I am implementing Google Checkout and am confused. In your instructions it tells me to set the setting for Order Processing to "Automatically authorize the buyer's credit card for the full amount of the order". My question is, why can't I select the option to have the buyers card authorized and automatically charged? Will I need to charge each manually?

  • created

    Feb '08
  • last reply

    Aug '08
  • 4

    replies

  • 1.0k

    views

  • 5

    users

We charge the orders automatically and hence the instructions tell you to select the "Authorize only" option. If you do, however, need that setting to be "Authorize and Charge" for any reason (like for non E-junkie sales), it won't cause any issues.

3 months later

What if I don't want to automatically charge a customer's credit card. Can the auto charge be turned off so I can manually do the charging from within Google Checkout. If I can't turn off the auto charge from e-junkie what other option do I have to manually charge using Google Checkout?



Should I disconnect the api to e-junkie?



Will this cause any problems?

2 months later

I am glad I found this post as I have been pulling my hair out because it has been automatically charging my customers.

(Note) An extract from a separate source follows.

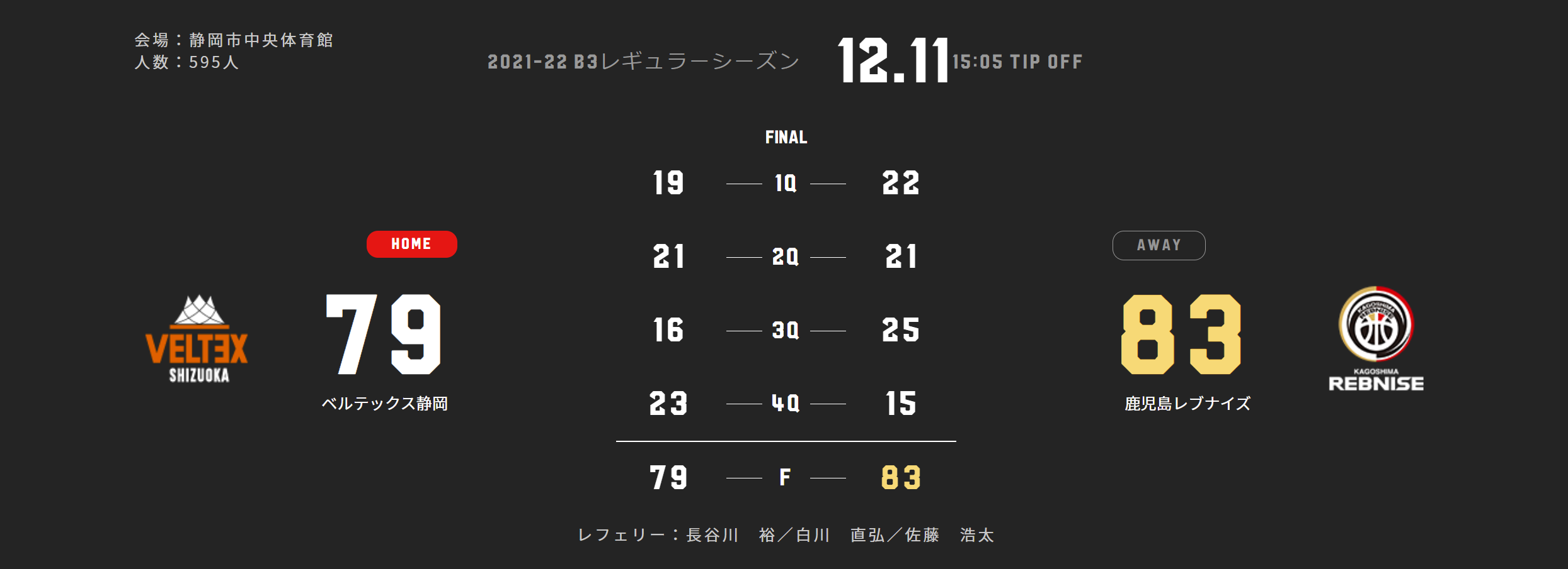 本日(12/11)、B3リーグ 2021-22シーズン 第10節 アウェー静岡市中央体育館でベルテックス静岡と対戦いたしました。

I certainly do not want to automatically charge my buyers. Please let me know what it will take to stop the automatic charge.

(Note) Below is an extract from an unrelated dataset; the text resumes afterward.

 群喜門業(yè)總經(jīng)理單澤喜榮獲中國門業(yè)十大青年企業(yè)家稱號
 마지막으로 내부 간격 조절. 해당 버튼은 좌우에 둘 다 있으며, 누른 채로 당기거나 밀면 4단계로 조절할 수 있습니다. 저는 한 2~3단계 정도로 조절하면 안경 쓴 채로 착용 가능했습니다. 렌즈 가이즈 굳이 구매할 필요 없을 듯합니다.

Thanks in advanced for helping E-JunkieExpert.

As far as you and your buyers are concerned, that "authorize and charge" setting is functionally identical to the "authorize for the full amount" setting we recommend, but the former setting is only required by some other services instead of E-junkie cart and generates a bunch of meaningless error-log entries behind the scenes on our end and Google's end, which is why we recommend the latter setting in our documentation.

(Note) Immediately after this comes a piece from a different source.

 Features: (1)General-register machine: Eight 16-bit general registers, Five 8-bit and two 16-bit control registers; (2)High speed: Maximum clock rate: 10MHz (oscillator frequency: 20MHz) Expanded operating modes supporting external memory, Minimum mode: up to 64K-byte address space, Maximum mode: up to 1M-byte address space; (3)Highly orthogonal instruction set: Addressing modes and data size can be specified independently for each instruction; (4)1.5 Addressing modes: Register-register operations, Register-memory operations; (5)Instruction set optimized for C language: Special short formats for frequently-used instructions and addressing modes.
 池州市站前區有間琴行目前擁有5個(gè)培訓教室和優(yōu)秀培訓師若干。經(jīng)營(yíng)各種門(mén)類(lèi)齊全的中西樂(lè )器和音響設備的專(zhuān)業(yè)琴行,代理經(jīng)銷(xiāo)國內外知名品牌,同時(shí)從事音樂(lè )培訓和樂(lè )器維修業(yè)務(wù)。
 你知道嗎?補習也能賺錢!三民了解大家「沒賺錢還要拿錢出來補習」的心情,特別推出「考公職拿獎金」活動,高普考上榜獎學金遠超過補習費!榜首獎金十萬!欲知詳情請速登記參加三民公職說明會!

We know of no way to validate a buyer's payment account for an order total without also actually charging the account for that amount, but all of that happens on the payment processors' ends rather than ours, so it doesn't really concern anything at our end.



You may wish to inquire with Google, PayPal or other processors we support to see if they can put a transaction "on hold" or something similar that would verify the proper amount of funds are available and ideally also set that amount aside, but wait until you manually release the payment to actually charge the buyer's account and issue notification to our system that payment was completed, at which point we would then issue our thank-you emails with any download links.



The key issue here for our system is whether or not payment notification (IPN for PayPal, or API callback for Google) would still be sent to us after (and ONLY after) you release a payment manually, or if they'd just send us payment notification as soon as the buyer's account was validated for the order amount. In that latter case for digital products, you might as well complete payment automatically if the processor is going to trigger our issuing download links before you actually release the buyer's payment anyway.



At any rate, all of this would be a matter between you and the payment processor(s), as payments happen entirely at their end, and we do not formally support or recommend any sort of on-hold payments, so this would be up to you alone to set up without our help, and to troubleshoot if anything goes wrong.